Design Guidelines 16715 - 1

APPENDIX 5

SECTION 16715 - DATA DISTRIBUTION

PART 1 GENERAL SPECIFICATIONS 1.1 ALL WORK

A. In general, all work involving the purchase, installation and maintenance of voice, signal, data and systems should comply with the specifications included below. Deviations from these general specifications should be highlighted and delivered to the university as contradictions to the specific project for approval by the university. This Section includes the wire, cable, connecting devices, installation, and testing for wiring systems to be used as signal pathways for high-speed data transmission and voice communications distributions. The following specifications list provides a general overview of all requirements, specifications and design guidelines that are mandatory to complete voice and data wiring and component installations at Shippensburg University. Bidders may notice that certain individual components of this list do not apply to a specific project. Bidders are advised to read all requirements and identify any contradictory or unrelated components that may not allow for the adherence to these, BICSI or EIA/TIA standards in the installation of the current bid project. Notice of these items must be identified in writing to the Contract Specialist or Primary Contact Person identified in this bid.

1.2 SUBMITTALS

A. General: Submit each item in this Article according to the Conditions of the Contract and Division 1 Specification Sections.

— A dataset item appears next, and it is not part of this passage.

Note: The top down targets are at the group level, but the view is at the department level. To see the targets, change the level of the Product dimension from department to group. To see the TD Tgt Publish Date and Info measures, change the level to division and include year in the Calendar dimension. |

B. Product Data for each component specified, including detailed manufacturer's

specifications. Include data on features, ratings, and performance. Include dimensioned plan and elevation views of components. Show access and working-space requirements. Verify compliance with TIA-568-B.2-1 and all applicable additions to TIA-568 standard for Category 6 cabling and components.

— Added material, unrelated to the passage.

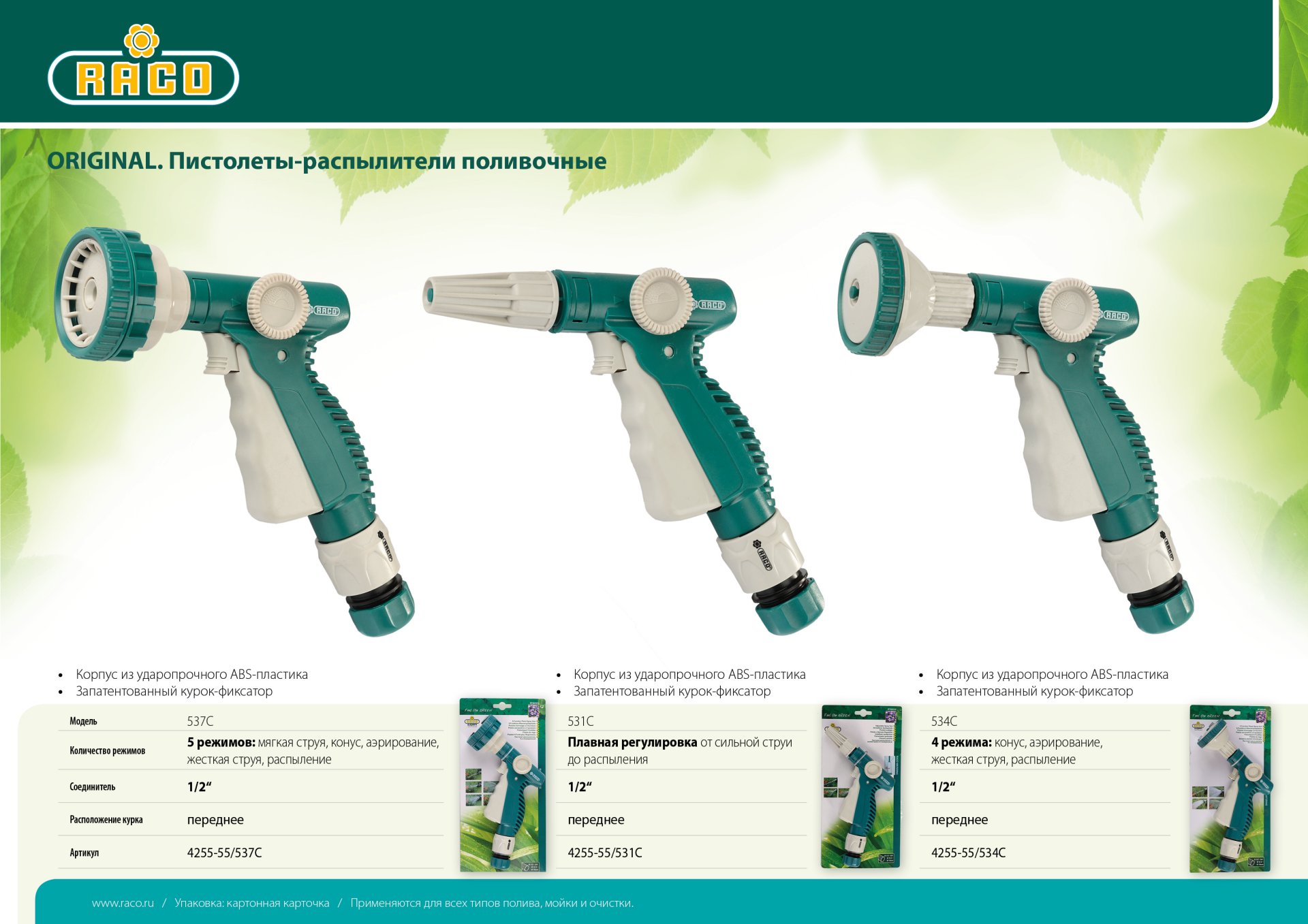 Поливочные пистолеты-распылители RACO Original являются самыми распространёнными и доступными. Изготовлены из надёжных материалов, обладают высоким уровнем качества.

C. Samples of outlet connectors, jacks, jack assemblies, and faceplates for color selection

and evaluation of technical features when requested by the Architect. or University‟s Telecommunications Director.

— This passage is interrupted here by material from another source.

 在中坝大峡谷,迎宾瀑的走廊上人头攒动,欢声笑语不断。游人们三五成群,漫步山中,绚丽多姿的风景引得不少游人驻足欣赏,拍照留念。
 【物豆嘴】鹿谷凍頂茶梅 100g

D. Qualification data for firms and persons specified in the "Quality Assurance" Article to

demonstrate their capabilities and experience. Provide evidence of applicable registration or certification.

E. Field tests and observation reports indicating and interpreting test results relative to

compliance with performance requirements of the installed systems. F. The Data Technicians shall be fully trained, qualified, and certified by the manufacturer

on the installation and testing of the equipment to be installed. Evidence that the Technicians are a current certified installer of the manufacturer must be provided in writing prior to work commencing on the structured cabling project.

G. The Contractor shall have experience in installing cabling systems as evidenced with a

listing of at least 3 projects involving Enhanced Category 5 cabling and optical fiber which have been completed by the Contractor in the last 2 years. Names, addresses, and phone numbers of referenced projects shall be included.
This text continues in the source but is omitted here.